Kasanka & Bangweulu

29th June 2011
A friend and I just enjoyed a fantastic trip up the Great North Road to Kasanka NP and Bangweulu Swamps. While both areas are famous for their birdlife, Kasanka is also home to the world's most visible popuation of the shy Sitatunga antelope, and the plains surrounding the Bangweulu swamps provide grazing for 100,000 Black Lechwe.

The birdlife at Kasanka is astonishing, and we didn't have to try too hard to see lots of new species, as well as large numbers of species that are much rarer down here on the Valley floor. Bohm's bee-eater was a new one, although they seemed to be restricted to a stand of Red Mahoganies along the Kasanka river.



We were also lucky to see the famous Shoebill, although in the distance. Much better sightings were to follow in Bangweulu.
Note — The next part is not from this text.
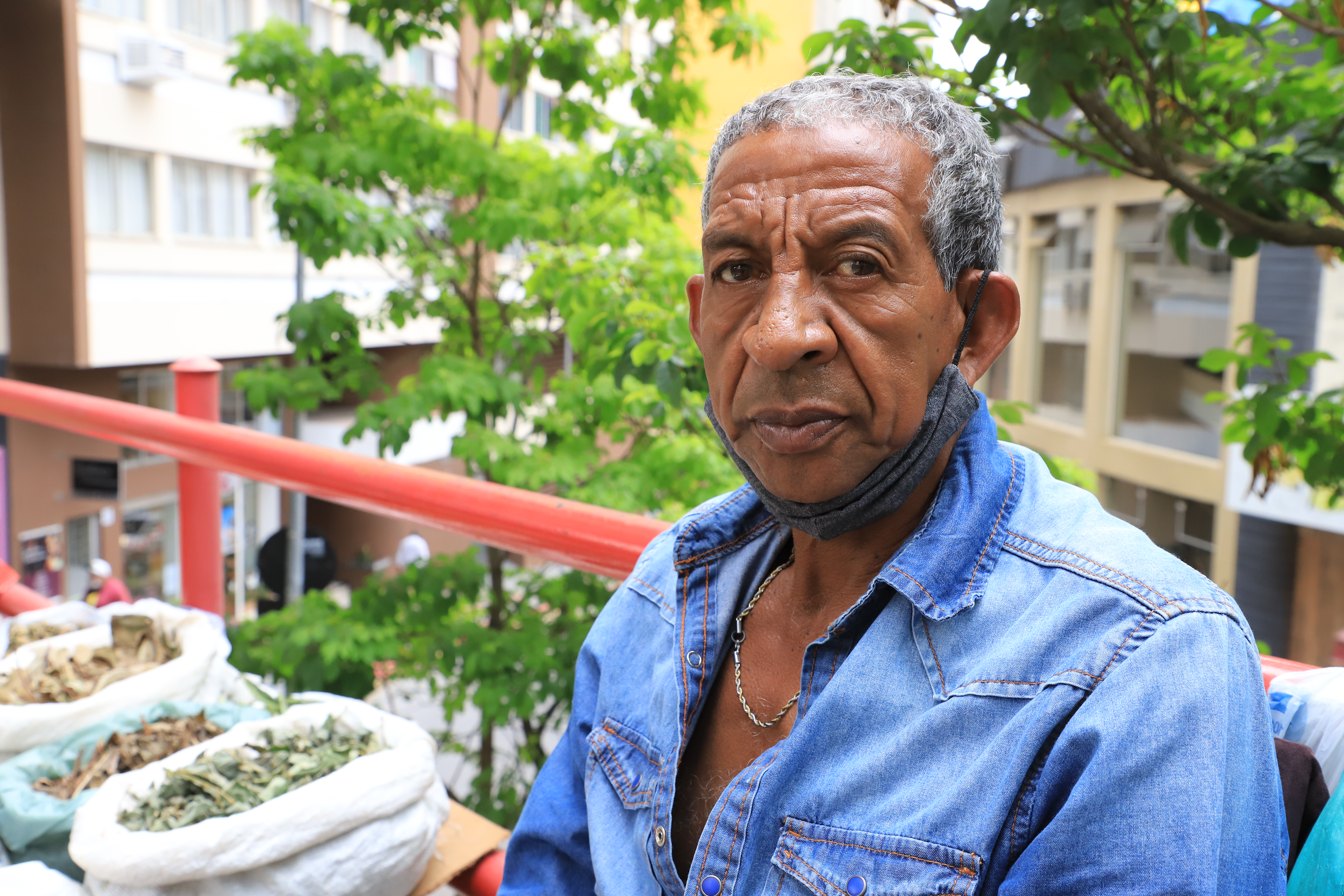 "Os remédios que tomo são sempre à base de ervas medicinais. A gente pode pegar muitos resfriados, trabalhando na rua principalmente. Mas é custoso eu ficar gripado, tenho uma saúde boa.'"

Heading along the bumpy road that leads to the swamps, we came across Lake Waka Waka which is a little gem in an otherwise dry, barren patch of miombo woodland. The name means 'something shiny' in Bemba and it certainly lives up to that name.



Endlessly we followed the dry dirt track, wondering when it would end, until finally, we burst out onto the open plains of Chikuni and were met with an unbelieveable sight. As far as the eye can see, on all sides, Black Lechwe feed on the closely cropped grass. No wide angle lens can do justice to that view.





Out into the swamps on the first morning, we were lucky and got a tip from a fisherman that there was a Shoebill nearby. Approaching slowly over a couple of hours, we managed to get in very close and enjoy this bizzare sight.







Early morning mists on the swamps were particularly beautiful and especially on the day we left, when I just managed to get a shot of some Red Billed Teal landing on the water against the rising sun.